** DATASET EXCERPT follows **
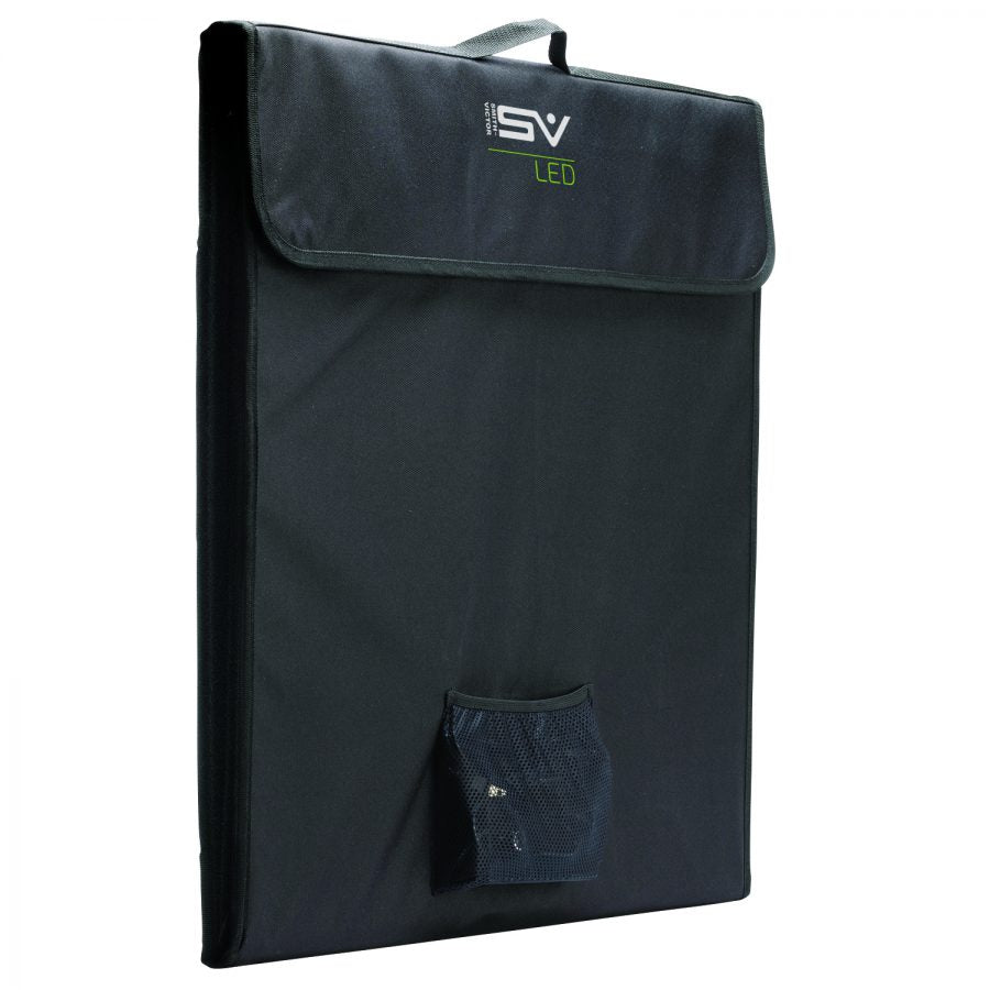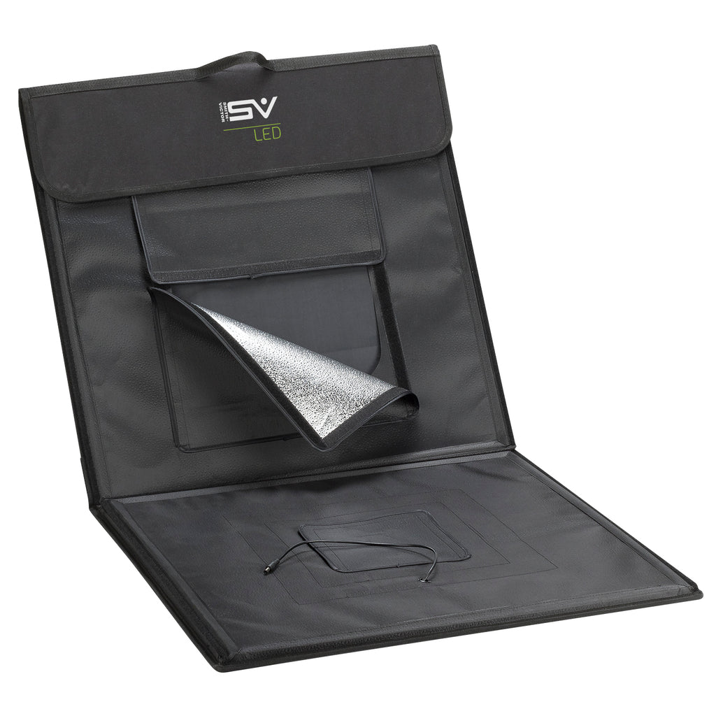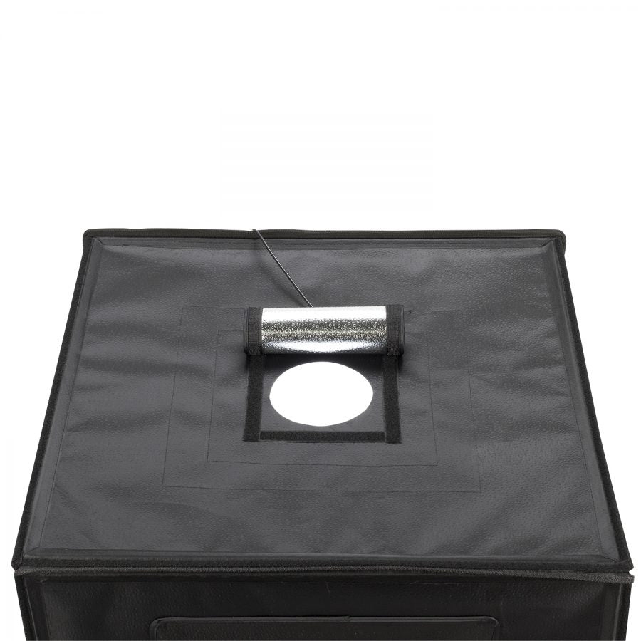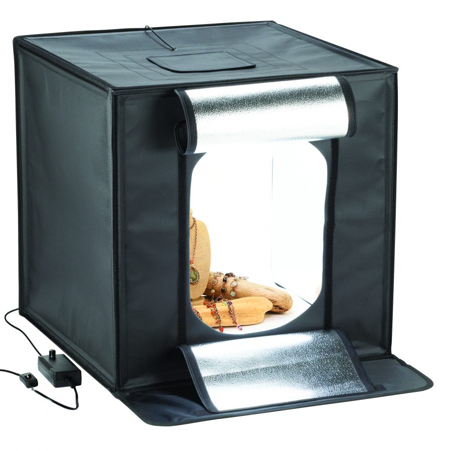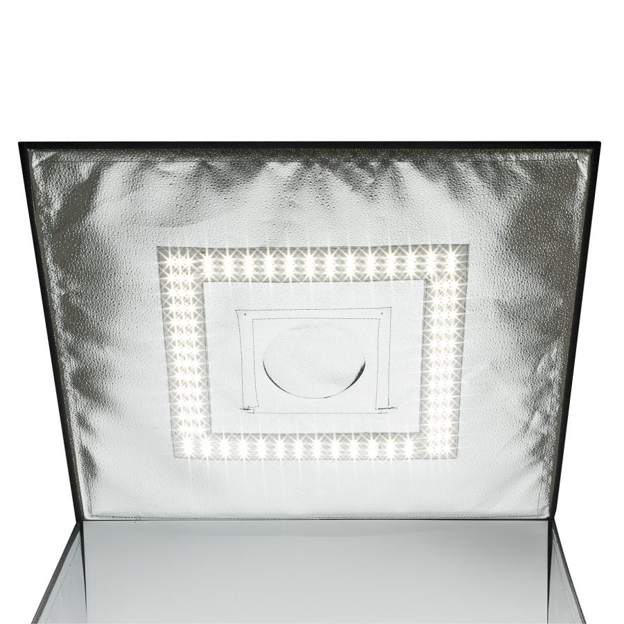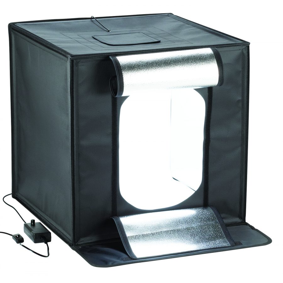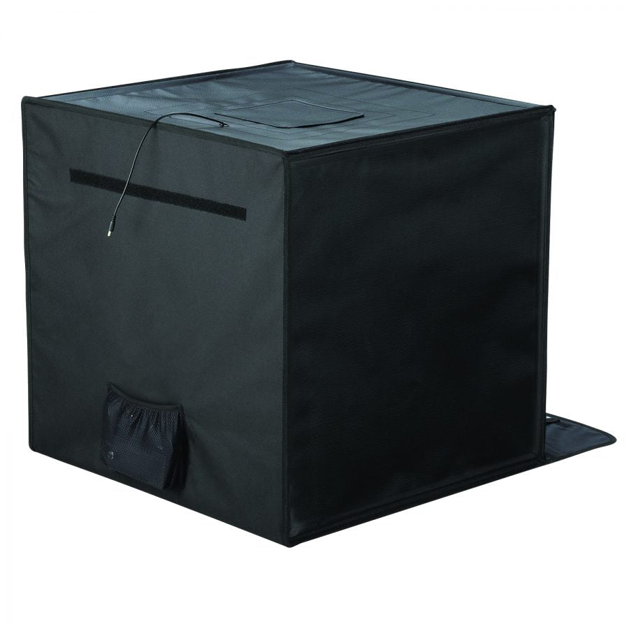 Smith-Victor LED Desktop Studio is the fastest and easiest way to get professional looking images using a phone or camera. Quick and easy to assemble even in a compact space. Allows for shots through the front opening or through the roof. When done, it folds flat for easy storage or transport. The handle and light control pouch make it easy to carry anywhere. This new and improved version is larger and has several new features.
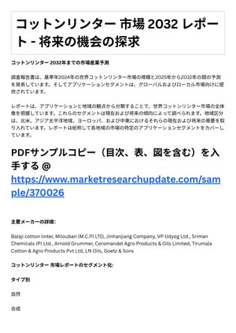 レポートは、アプリケーションと地域の観点から分類することで、世界コットンリンター市場の全体 像を把握しています。これらのセグメントは現在および将来の傾向によって調べられます。地域区分 は、北⽶、アジア太平洋地域、ヨーロッパ、および中東におけるそれらの現在および将来の需要を取 り⼊れています。レポートは総称して各地域の市場の特定のアプリケーションセグメントをカバーし ています。 PDF
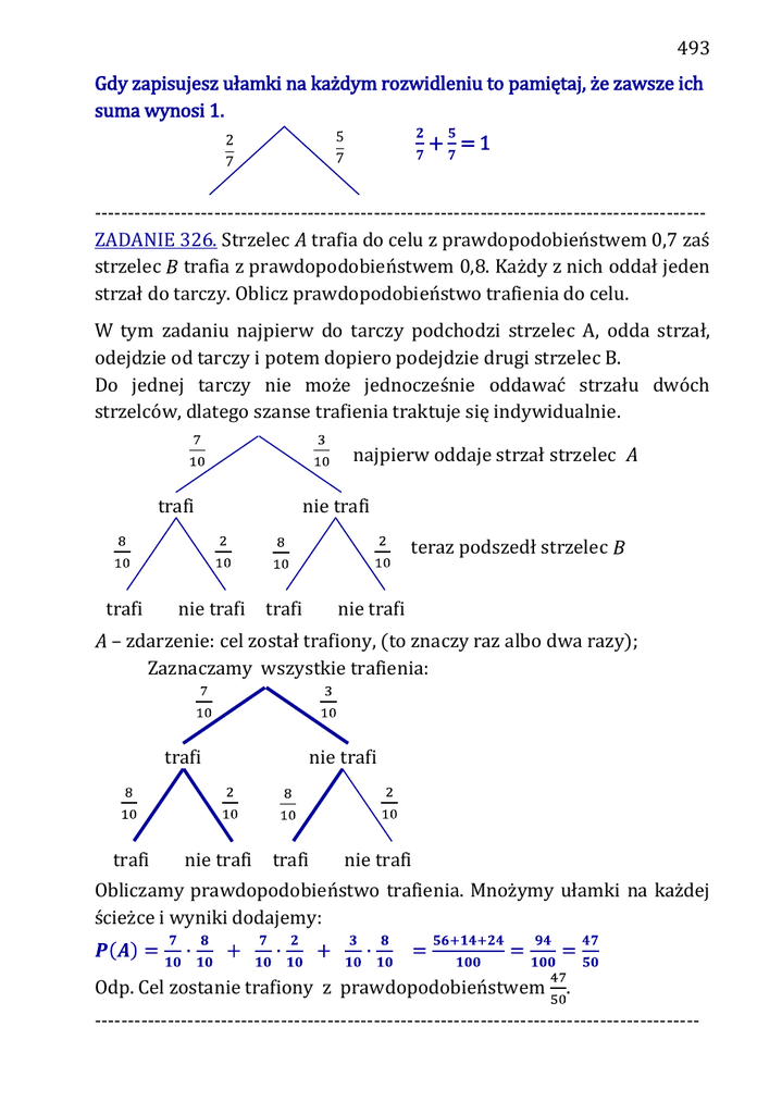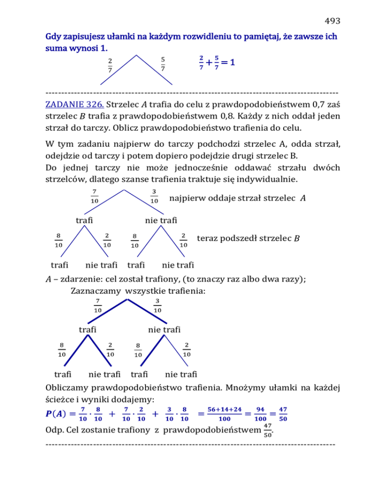 493 Gdy zapisujesz ułamki na każdym rozwidleniu to pamiętaj, że zawsze ich suma wynosi 1. + =1 -------------------------------------------------------------------------------------------ZADANIE 326. Strzelec trafia do celu z prawdopodobieństwem 0,7 zaś strzelec trafia z prawdopodobieństwem 0,8. Każdy z nich oddał jeden strzał do tarczy. Oblicz prawdopodobieństwo trafienia do celu. W tym zadaniu najpierw do tarczy podchodzi strzelec A, odda strzał, odejdzie od tarczy i potem dopiero podejdzie drugi strzelec B. Do jednej tarczy nie może jednocześnie oddawać strzału dwóch strzelców, dlatego szanse trafienia traktuje się indywidualnie. najpierw oddaje strzał strzelec trafi nie trafi teraz podszedł strzelec trafi nie trafi trafi nie trafi – zdarzenie: cel został trafiony, (to znaczy raz albo dwa razy); Zaznaczamy wszystkie trafienia: trafi trafi nie trafi nie trafi trafi nie trafi Obliczamy prawdopodobieństwo trafienia. Mnożymy ułamki na każdej ścieżce i wyniki dodajemy: Odp. Cel zostanie trafiony z prawdopodobieństwem . -------------------------------------------------------------------------------------------
** End of DATASET EXCERPT **
• _BRIEF_: Restate the material word for word, minus pictures.

• _TASK RESULT_:
 Smith-Victor LED Desktop Studio is the fastest and easiest way to get professional looking images using a phone or camera. Quick and easy to assemble even in a compact space. Allows for shots through the front opening or through the roof. When done, it folds flat for easy storage or transport. The handle and light control pouch make it easy to carry anywhere. This new and improved version is larger and has several new features.
 レポートは、アプリケーションと地域の観点から分類することで、世界コットンリンター市場の全体 像を把握しています。これらのセグメントは現在および将来の傾向によって調べられます。地域区分 は、北⽶、アジア太平洋地域、ヨーロッパ、および中東におけるそれらの現在および将来の需要を取 り⼊れています。レポートは総称して各地域の市場の特定のアプリケーションセグメントをカバーし ています。 PDF
 493 Gdy zapisujesz ułamki na każdym rozwidleniu to pamiętaj, że zawsze ich suma wynosi 1. + =1 -------------------------------------------------------------------------------------------ZADANIE 326. Strzelec trafia do celu z prawdopodobieństwem 0,7 zaś strzelec trafia z prawdopodobieństwem 0,8. Każdy z nich oddał jeden strzał do tarczy. Oblicz prawdopodobieństwo trafienia do celu. W tym zadaniu najpierw do tarczy podchodzi strzelec A, odda strzał, odejdzie od tarczy i potem dopiero podejdzie drugi strzelec B. Do jednej tarczy nie może jednocześnie oddawać strzału dwóch strzelców, dlatego szanse trafienia traktuje się indywidualnie. najpierw oddaje strzał strzelec trafi nie trafi teraz podszedł strzelec trafi nie trafi trafi nie trafi – zdarzenie: cel został trafiony, (to znaczy raz albo dwa razy); Zaznaczamy wszystkie trafienia: trafi trafi nie trafi nie trafi trafi nie trafi Obliczamy prawdopodobieństwo trafienia. Mnożymy ułamki na każdej ścieżce i wyniki dodajemy: Odp. Cel zostanie trafiony z prawdopodobieństwem . -------------------------------------------------------------------------------------------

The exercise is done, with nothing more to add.